━━ Data for the task ━━

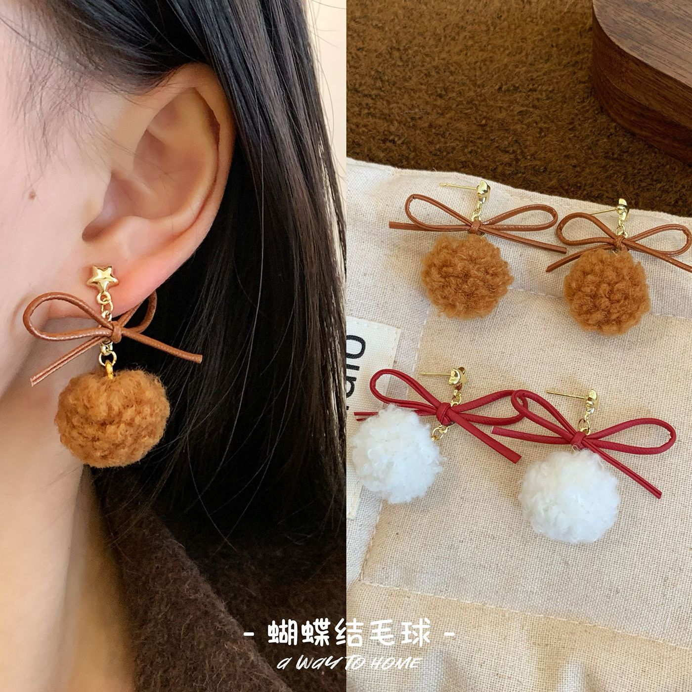 Autumn and Winter New Year Red-Brown Star Bow Fur Ball Earrings for Women with Silver Needles, Fashionable Design, Furry Earrings
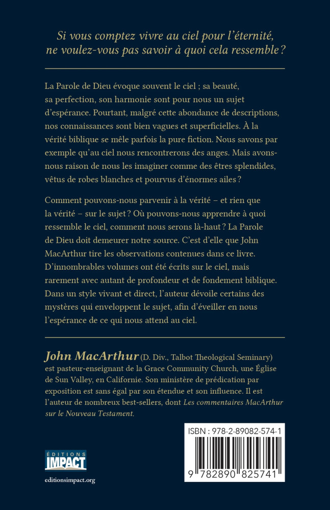 Edité en 1999 par la Maison de la Bible, cet ouvrage proposait en annexes : un sermon de J.C. Ryle, et un sermon de Charles H. Spurgeon. Cette édition remplace les deux sermons de l’édition initiale par trois pseudo-récits de voyages au ciel. John MacArthur décrit et dénonce les croyances et les erreurs véhiculées par ces témoignages. Cet ouvrage est une étude approfondie du sujet avec de nombreuses références bibliques. Il est un encouragement pour l'avenir ; le ciel est bien plus qu’un symbole d’émerveillement, c’est un endroit réel !
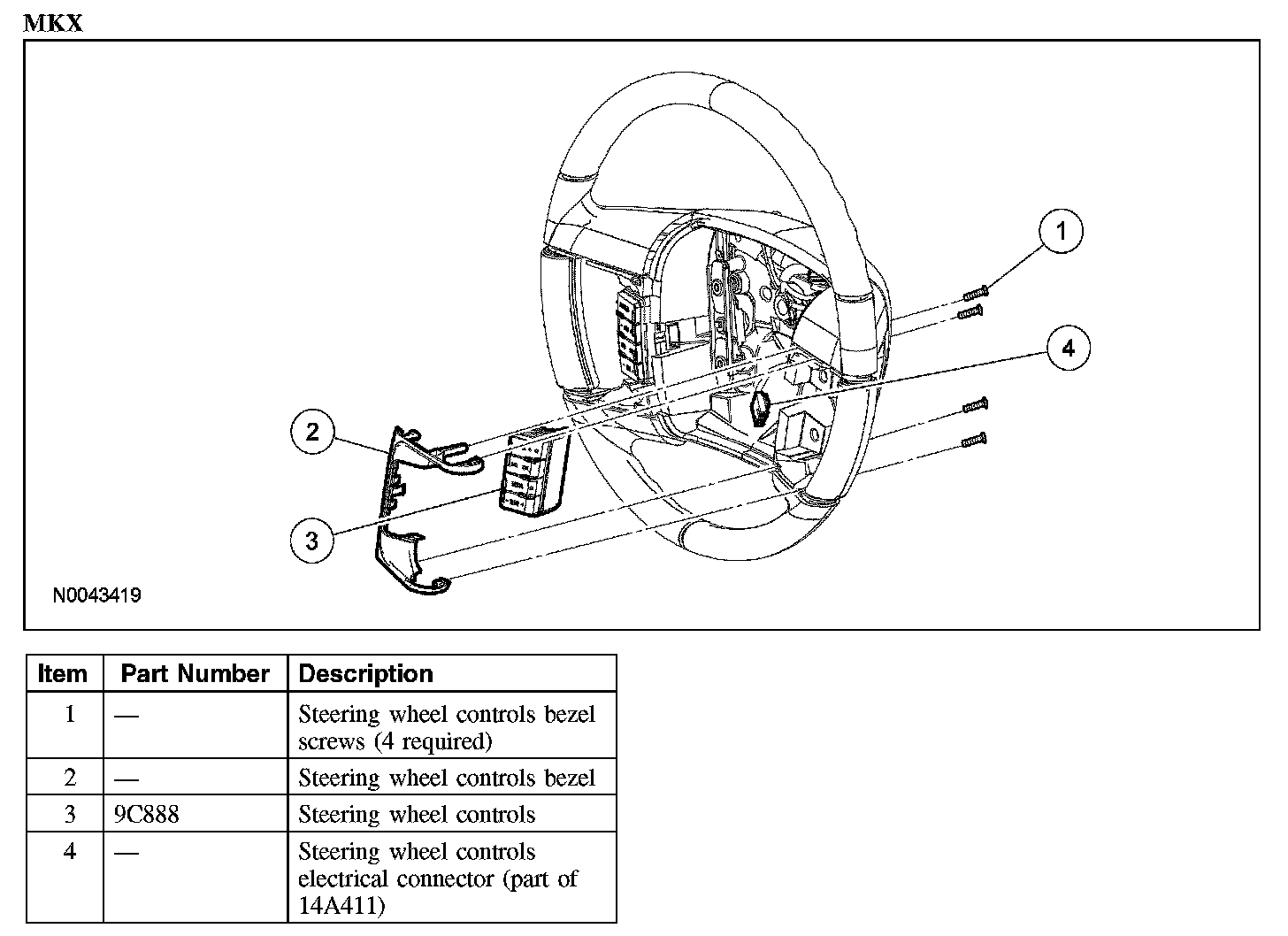 2. Remove the 4 screws and the steering wheel controls bezel.
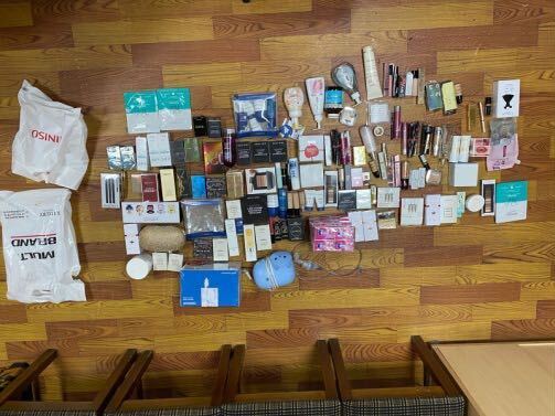 При проверке по месту проживания подозреваемых изъяты вещественные доказательства товары из магазина − элитный алкоголь, а также парфюмерные и косметические изделия в количестве 130 наименований. Кроме того, изъяты товары, похищенные из кофейни, сувенирного магазина и аптеки в количестве 94 наименований.
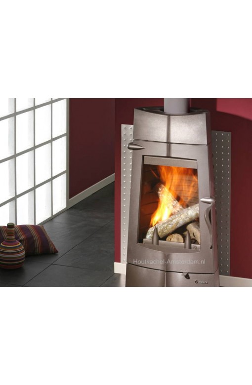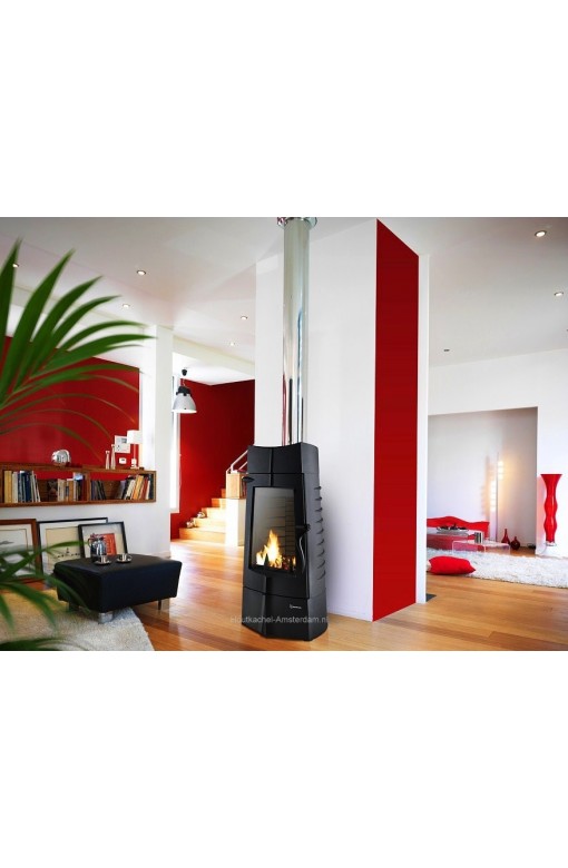 Sterke kracht  en excellente prestaties. Deze hoge houtkachel met prachtig innovatief ontwerp neemt weinig ruimte in en laat u maximaal genieten van het vlammenspel. Design : Bernard Dequet
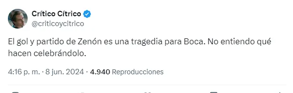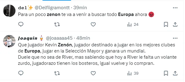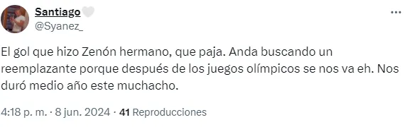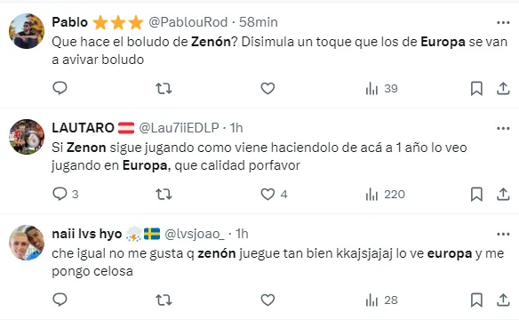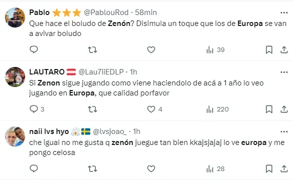 “Anda buscando un reemplazante porque después de los juegos olímpicos se nos va eh”, “Zenón, jugador destinado a jugar en los mejores clubes de Europa”, “Para un poco zenon te va a venir a buscar todo Europa ahora”, fueron algunos de los comentarios de los hinchas del elenco de la Ribera sobre el nivel del futbolista de 22 años.
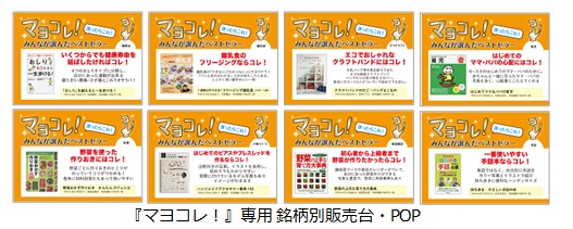 トーハンオリジナル拡材として、出版社様の協力により「マヨコレ!」専用の銘柄別販売台・POP、フェア告知ポスターを作成し、書店店頭にてお客様が「迷った時にすぐに選べる」売場作りをサポートします。
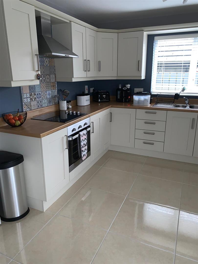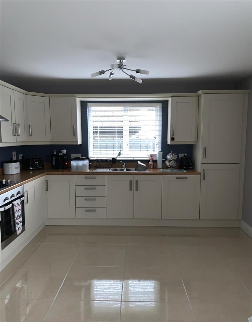 5.79m x 3.66m wp (19' x 12' wp) - Having range of eye and low level units, matching pelmet over window, 1 1/2 bowl stainless steel sink unit with mixer taps, hob and underoven, integrated fridge / freezer and dishwasher, tiled floor, ample dining space with French doors leading to rear.
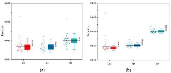 The proposed method exhibits superior efficiency in query times compared to the LSH method across datasets of varying dimensions. Specifically, the average query times for the proposed method are 7.1 × 10−4 s for 2D, 6.7 × 10−4 s for 3D, and 1.0 × 10−3 s for 6D datasets, as recorded in Figure 6a. In contrast, the LSH method shows average query times of 3.46 × 10−2, 3.52 × 10−2, and 4.01 × 10−2 s for 2D, 3D, and 6D datasets, respectively, as indicated in Figure 6b. Thus, the proposed method achieves a query time efficiency improvement by two orders of magnitude for 2D and 3D datasets and a 97.5% reduction for 6D datasets. These simulation results underscore the proposed method’s significant time-saving advantage over the LSH approach.
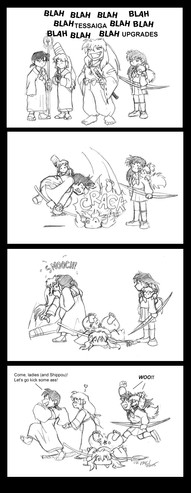 This comic is perfect!! It's really... well, THEM!! Aragorn: too polite and too much of a gentleman (despite his rough exterior ) to comment on Eowyn's cooking, and Ranma: he's being a jerk. As usual...

━━━

Work required> An exact copy is needed of the stretch above that opens with the line containing "2. Remove the" and closes with the line containing "Sterke kracht  en"; the pictures are not part of it.

Reply>
 2. Remove the 4 screws and the steering wheel controls bezel.
 При проверке по месту проживания подозреваемых изъяты вещественные доказательства товары из магазина − элитный алкоголь, а также парфюмерные и косметические изделия в количестве 130 наименований. Кроме того, изъяты товары, похищенные из кофейни, сувенирного магазина и аптеки в количестве 94 наименований.
 Sterke kracht  en excellente prestaties. Deze hoge houtkachel met prachtig innovatief ontwerp neemt weinig ruimte in en laat u maximaal genieten van het vlammenspel. Design : Bernard Dequet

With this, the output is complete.